#### [What the task requires]
Repeat the lines from the one containing "9月23日,參觀者在一個重物搬運輔助設(shè)備旁駐足觀看。" through the last line of the data, exactly, pictures omitted.

#### [The data]
= Beginning of Section =

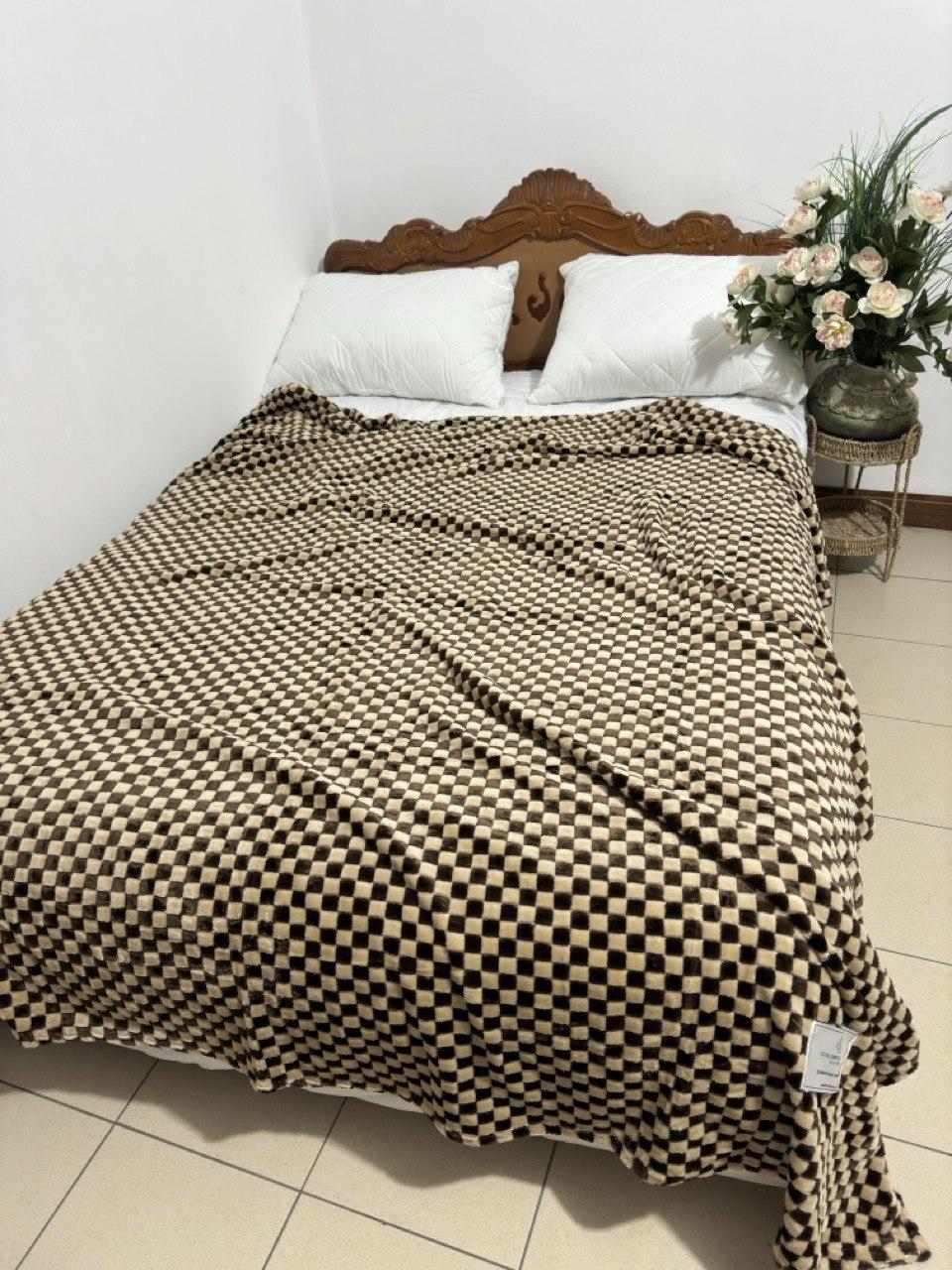 Велюровий плед "Шахатка" 200х220/Покривало в квадратик
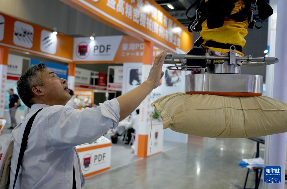 9月23日,參觀者在一個重物搬運輔助設(shè)備旁駐足觀看。
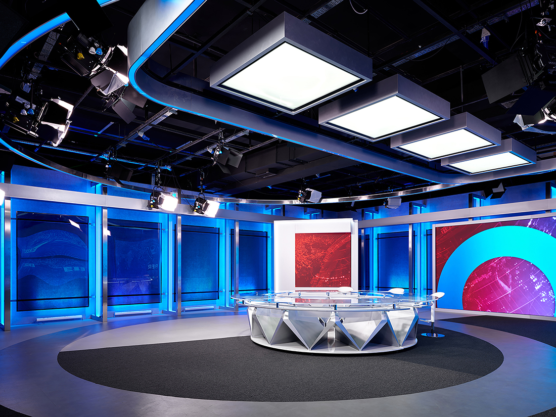 The studio floor houses two studios, one for programs and one for news, alongside technical areas like control rooms, meeting the demands of a cutting-edge media center.
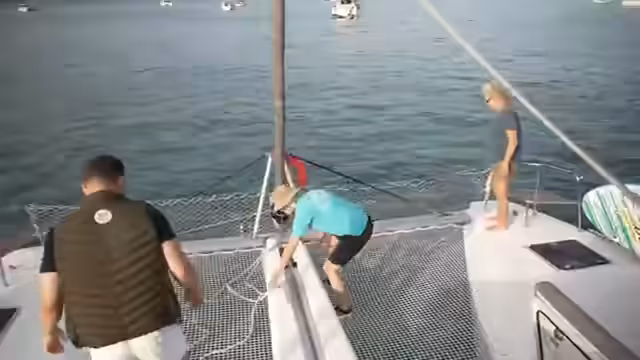 09:02:00Auf dem Segelboat werden technische und hygienische Probleme angesprochen. Die Toilette ist kaputt, was zu logistischen Herausforderungen führt, da Papier im Klo verboten ist. Es werden Pläne geschmiedet, eine Wassermelone im Rettungsring hinter dem Boot herziehen, um sie kühl zu halten und als Snack zu nutzen. Anschließend wird das Ankern vor einem Schiff geübt, das eine selbstholende Winsch verwendet, um das Ankerseil sicher zu bedienen.

= End of Section =

#### [Answer to the problem]
 9月23日,參觀者在一個重物搬運輔助設(shè)備旁駐足觀看。
 The studio floor houses two studios, one for programs and one for news, alongside technical areas like control rooms, meeting the demands of a cutting-edge media center.
 09:02:00Auf dem Segelboat werden technische und hygienische Probleme angesprochen. Die Toilette ist kaputt, was zu logistischen Herausforderungen führt, da Papier im Klo verboten ist. Es werden Pläne geschmiedet, eine Wassermelone im Rettungsring hinter dem Boot herziehen, um sie kühl zu halten und als Snack zu nutzen. Anschließend wird das Ankern vor einem Schiff geübt, das eine selbstholende Winsch verwendet, um das Ankerseil sicher zu bedienen.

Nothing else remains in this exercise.